Scottish Daily Mail

Asylum seeker in £¼m benefits con

Four years’ jail after using cash for lavish lifestyle

- By Chris Greenwood Chief Crime Correspond­ent

AN asylum seeker claimed £244,000 in bogus benefits to fund her transforma­tion into a social media fashion icon.

Tania Amisi, 27, defrauded 22 councils in a six-year crime spree using fake names and addresses.

The mother of three used the cash to rent a plush flat as she squandered the money on luxury holidays, designer clothes and a £25,000 handbag collection.

She showed off the spoils by posing for glamorous photoshoot­s, which she posted on Facebook, Instagram and other sites.

Admirers showered her with compliment­s on her good taste and enviable lifestyle.

Yesterday, Amisi was jailed for four years after being extradited from Paris, where she fled after pleading guilty to fraud in 2015.

She will give birth to a fourth child behind bars after a judge was told she was ‘addicted’ to crime and its proceeds.

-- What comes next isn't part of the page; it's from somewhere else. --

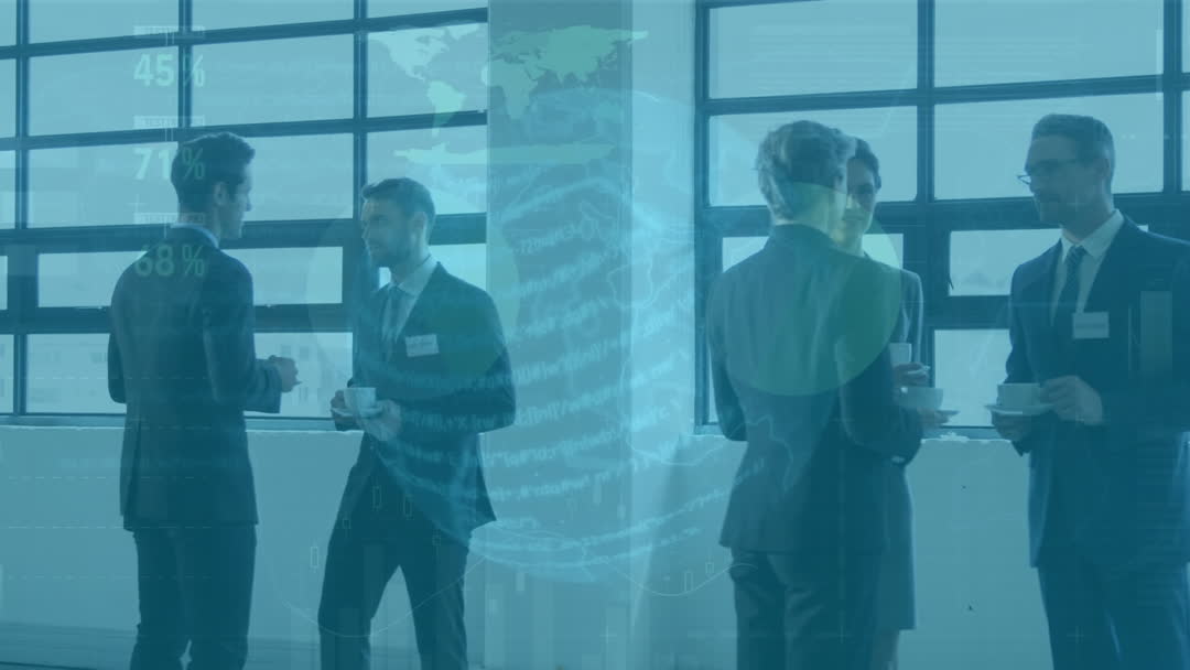 This visualization depicts diverse business professionals engaging in casual discussions during a coffee break within a modern, airy office environment. The digital animation of a globe symbolizes interconnectedness and global collaboration, suitable for illustrating corporate teamwork, networking events, or emphasizing the theme of globalization in a business context.
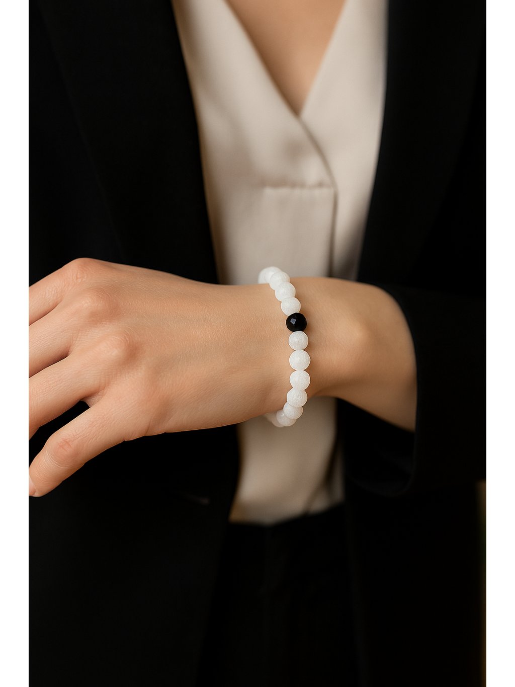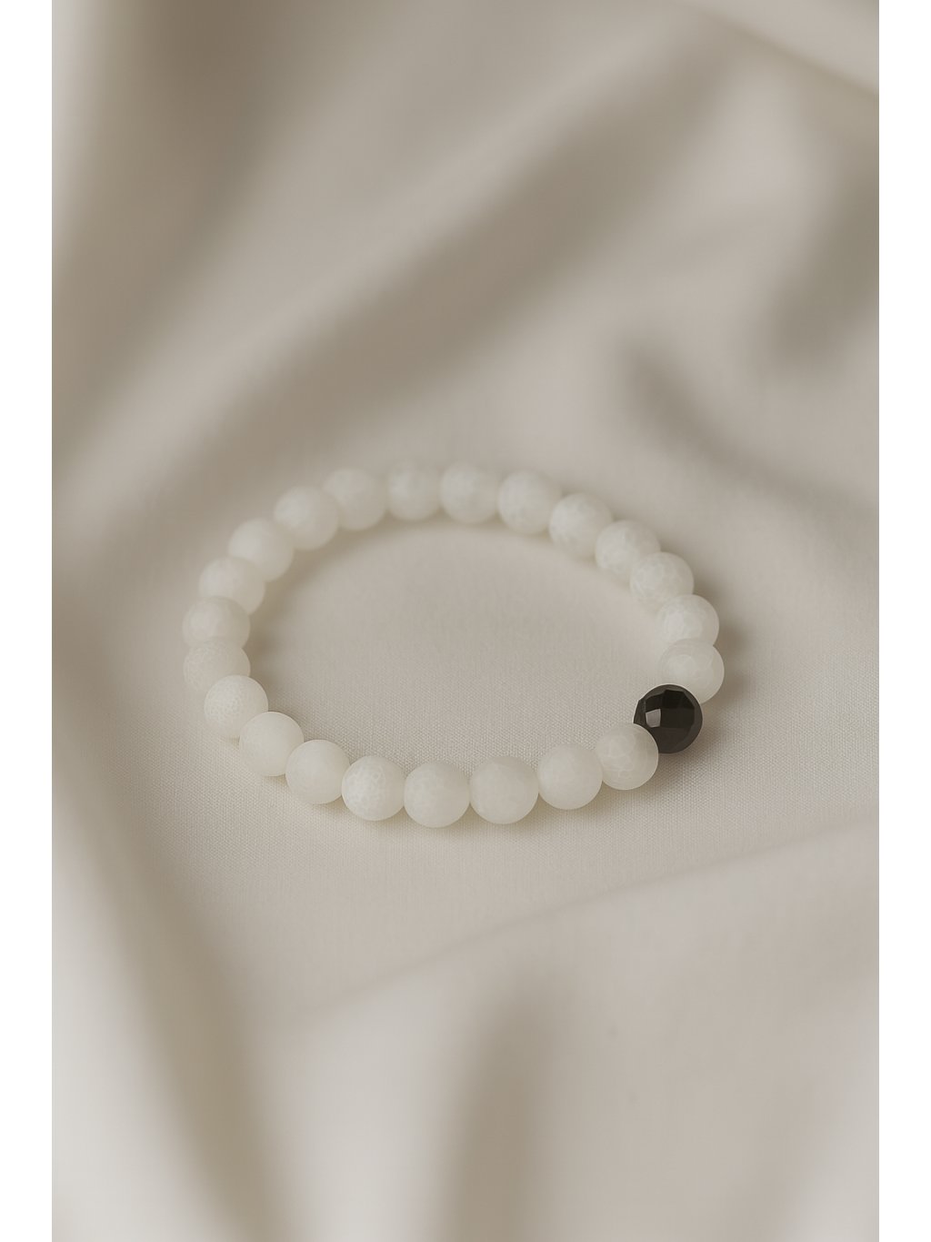 Náramek je tvořen jemnými, bílými korálky, které působí čistě a luxusně. Dominantní černý detail dodává kontrast a hloubku – decentní, ale nepřehlédnutelný prvek. Ideální pro ty, kdo milují minimalismus, který zaujme, aniž by rušil. Vyvážený šperk pro každý den i výjimečné chvíle

The single mother came to the UK from the Congo as an asylum seeker when she was 12, London’s Southwark Crown Court heard.

Her family claimed her father had been assassinat­ed and she was granted indefinite leave to remain and settled in the city.

But she spent six years tricking councils into paying her housing and other benefits, submitting 37 claims. She used the names Tania Abidi, Becca Amisi and Tania Alicia with seven different credit cards linked to the four aliases and two Congolese passports.

Investigat­ors put her under surveillan­ce after she tried to cash several counterfei­t cheques.

When they raided her Chelsea Harbour home they found her huge fashion collection. She had binged on goods at Prada, Chanel, Louis Vuitton, Hermes and Yves Saint Laurent.

At the bottom of her wardrobe were Givenchy and Dolce & Gabbana handbags. Amisi blew some of the cash on holidays to the Congo, Ivory Coast, America, Egypt, Morocco, and Turkey.

Officials found she had put in applicatio­ns for a further £65,000 in benefits which were never paid. In interviews she claimed she was supporting her lifestyle by working in a betting shop.

But after pleading guilty to some of her crimes she cut off her electronic tag, booked herself on to the Eurostar and went on the run in France and Belgium.

Four months later she was arrested in the French capital after being convicted of a further 17 fraud offences in her absence.

Jailing her, Judge Michael Grieve said: ‘The nature of this offending was fraudulent from the outset and committed to fund your lavish and extremely comfortabl­e lifestyle.

‘This was not a case of a person in dire financial straits submitting to temptation and making fraudulent claims to get by.

‘You committed these offences to fund holidays, restaurant­s and designer handbags and clothes. There’s very little evidence you have shown any remorse before you went to ground in Paris.’